I find COLOUR is EXTREMELY important for Autistics. Like anything, it's individual...Some prefer differing tones, but as a general rule it is important to stay away from anything with greyish hues, sickly green or too much dark blue as we are more likely to get depressed (and if you DO have dark blue like my son's room, balance it out with a light gold.) IF you must have yellow choose a gold/yellow to decrease sickly feelings. I try to stick to a fairly earthy palate with bold walls thrown in for fun. In our bathroom I chose Benjamin Moore's Pine Cone Brown. I find this colour calming, dark and earthy. I hate showers so it helps to have a nice environment to motivate me. We only clean our bathrooms with tea tree oil/lavender spray and vinegar. This has cut down on A LOT of illnesses from the toxic cleaners. We also do not buy shampoos with sulphates or parabens because of the adverse affects we experience.

 Living Room: 

I like a lot of colour. We live in a place that is WHITE 8 months out of the year so our eyes are starving for colour. However, if I lived in a warm, green climate I would choose light colours for a fresh feeling.

*Colour really depends on your climate and preference although it is best to stay away from aggravating colours. Click here (http://magazine.foxnews.com/at-home/feeling-moody-10-room-colors-might-influence-your-emotions ) or  find other links on colour psychology. We do not use blue very much in our home because of our long winters. I also like to name our Spaces. Our living Room is called "Bewitched Autumn Haven"



*My rule is to not keep anything that makes me or the kids feel edgy...or anything that bugs me. I get rid of all decor that does not feel beautiful or useful. Most of the stuff in my house is comprised of sentimental items from others, cozy blankets, and comfort beauty. If a texture bothers the kids- we toss it or give it away. I also use pieces that are meant for other "uses" as decor items. If it makes me happy, I use it, however I want. Our house is all about comfort and magic.

*We especially like light catchers. LIGHT is crucially important to well being. We love to watch the rainbows from these dance in our living room. We all appreciate the subtle dance of light. I hang them from tacks above my window with fishing wire and a fishing knot...we collect these wherever we can find them. Sometimes when I am especially stressed, I sit in the living room and watch the rainbows from these catchers dance across the walls. My kids also become entranced by them during the day.

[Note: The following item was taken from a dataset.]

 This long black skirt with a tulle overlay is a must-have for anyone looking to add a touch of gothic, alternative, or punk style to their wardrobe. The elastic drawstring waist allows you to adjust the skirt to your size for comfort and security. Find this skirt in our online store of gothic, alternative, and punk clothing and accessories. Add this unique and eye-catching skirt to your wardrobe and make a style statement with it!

Everything on my walls has meaning. I am obsessed with the Broadway Musical Wicked and my husband is obsessed with Lord of The Rings so we incorporate those obsessions into our home. In our children's rooms we honour what they are obsessed or have a special interest with (this soothes and comforts as well as inspires.)

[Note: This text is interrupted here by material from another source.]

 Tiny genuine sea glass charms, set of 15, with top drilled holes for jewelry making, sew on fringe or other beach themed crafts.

*If you like the patchwork quilts in our home like the Wicked one see this site: http://squaresofhealing.weebly.com/ K made my quilts and they are so beautiful.










My kids grew up surrounded by these inspiring items and respected them. I've heard some say our house is not child proof but it is very rare for visiting children to take an item out of place and when they do, I let them. It is supposed to be lived in. Children LOVE our home. We are also obsessed with books, so we make sure to keep the books that inspire us or are magical or written well and give away the ones that do not.


Cushions and blankets are very important to Autistics (but in the right fabric...some are too scratchy while others feel too dry!)  I love to shop at thrift stores or antique markets. I ONLY bring home that which I truly love and when I splurge, I spurge on lighting, blankets and plants and books. I cover up old boxes with blankets or fabrics to use as shelves ect.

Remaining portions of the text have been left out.